Barbot notes that: “If the negroes be generally crafty and treacherous it may well be said the Europeans have not dealt with them as becomes Christians, ‘having’ very unjustly and inhumanly, without any provocation, stolen away abundance of the people’.”

One is just left wondering, if the living conditions of the caboceers and kings left a lot to be desired, what about the the living conditions of the chained slaves held up in a barracoon?

By extrapolation, the slaves were confined to inhuman conditions.

But the caboceers and kings were not bothered.  

They mainly documented events concerning their welfare.

“If they survived the first twelve months at the ‘whiteman’s grave’, the factors were to some extent acclimatised to local conditions, and a few are known to have lasted thirty years in Guinea. 

But they were never really fit for more than a few weeks at a time; the sailors who knew then quipped that their bodies were pickled in alcohol and their brains burned up by the heat… Theirs was a life of almost unbearable boredom, an endurance test rather than a career.”

The above quotation is profound.

One is naturally persuaded to put oneself in the caboceers’ shoes and imagine life as a slave trader and merchant.  

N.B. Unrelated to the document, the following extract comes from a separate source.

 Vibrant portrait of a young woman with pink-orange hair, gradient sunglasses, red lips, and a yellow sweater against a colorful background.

“Every one of them was always on the look-out for chance to get drunk,” writes Ransford.

“One agent looking back found himself asking ‘Who can comprehend the insufferable lassitude and despondency that overwhelms an African resident, as he lies on his mat-covered arm-chest, and listens to the endless deluge pouring for days, weeks and months upon his leaking thatch?’ For company, the agents were limited to corrupt native chiefs and the five or six black mistresses whom most of them kept, together with the mulatto offspring they had destined to be employed by their companies as interpreters and sub-agents).”    

What comes out clearly is that the slave trading posts were manned by whites, Africans and their mulatto offspring.

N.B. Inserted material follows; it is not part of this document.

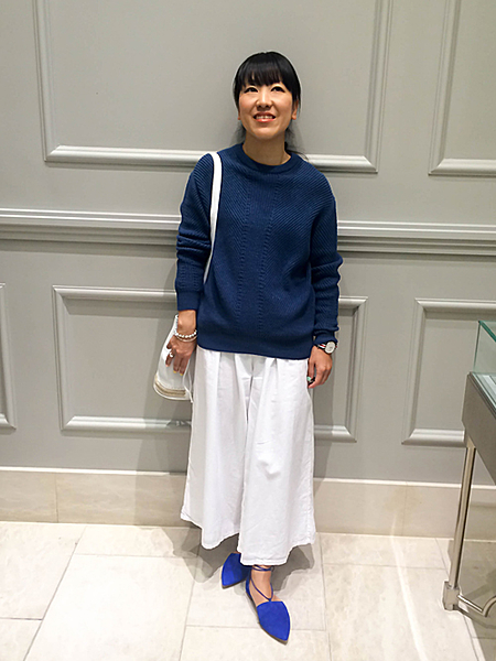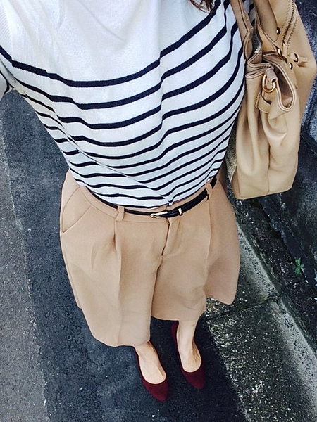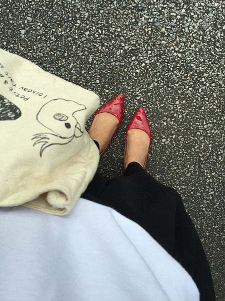 エナメルとスエードの異素材コンビ。細いヒールとポインテッドトゥが女らしく仕上げてくれます。スカートとクルーソックスに合わせてより女らしく♪

And one can read between the lines that those who recorded their accounts, especially the white folk, vented out their frustration of being cut off from their comfy lifestyles and living away from their friends.

However, despite so many spirited attempts to paint a gloomy picture about their environs, some slave traders would let the cat out of the bag and paint a more accurate picture free of negative prejudices.

“…attempts were made to approximate daily life as far as possible to European standards. 

The officers could afford English provisions which were brought in for them by sea, and in good stations they were also provided with home-grown fruit and vegetables.”

There is also another account by an agent stationed at the Cape Coast Castle who wrote: “At a little distance from it is a very fine and large garden, abounding with all manner of fruits that the country produces, cocoa-nuts, tamarinds, pine-apple, grapes, limes, guavos (sic) and the casava tree, all planted between the hills in an exact order in walls, containing about twenty acres of ground; besides there is plenty of plantations and bananoes (sic) and several other fruits.”

The above candid account flies in the face of recorded derogatory accounts and shows that the West has craftily tried to cover their grotesque past in human slave trade by shifting people’s attention to the so-called plight of enslaving agents.

This is most unfortunate. 

The history of the slave trade is still told through the lens of the enslavers. 

And for centuries, smokescreens have been set up to hide the real horrors of the worst practice known to human-kind, which has changed faces over the years and is now known by another name.

However, as the Africans say: “What forgets is the axe that cut down the tree, not the tree that was cut.” 

The scars of the Transatlantic Slave Trade inflicted on Africans will forever be etched in Africans’ memory.

Revisiting this past is important in evaluating where Africans are, as a people today, and what they aspire to achieve in future.

All we know is that the former slave master will try to find ways to conceal his involvement in any sinister plot that fosters white supremacy.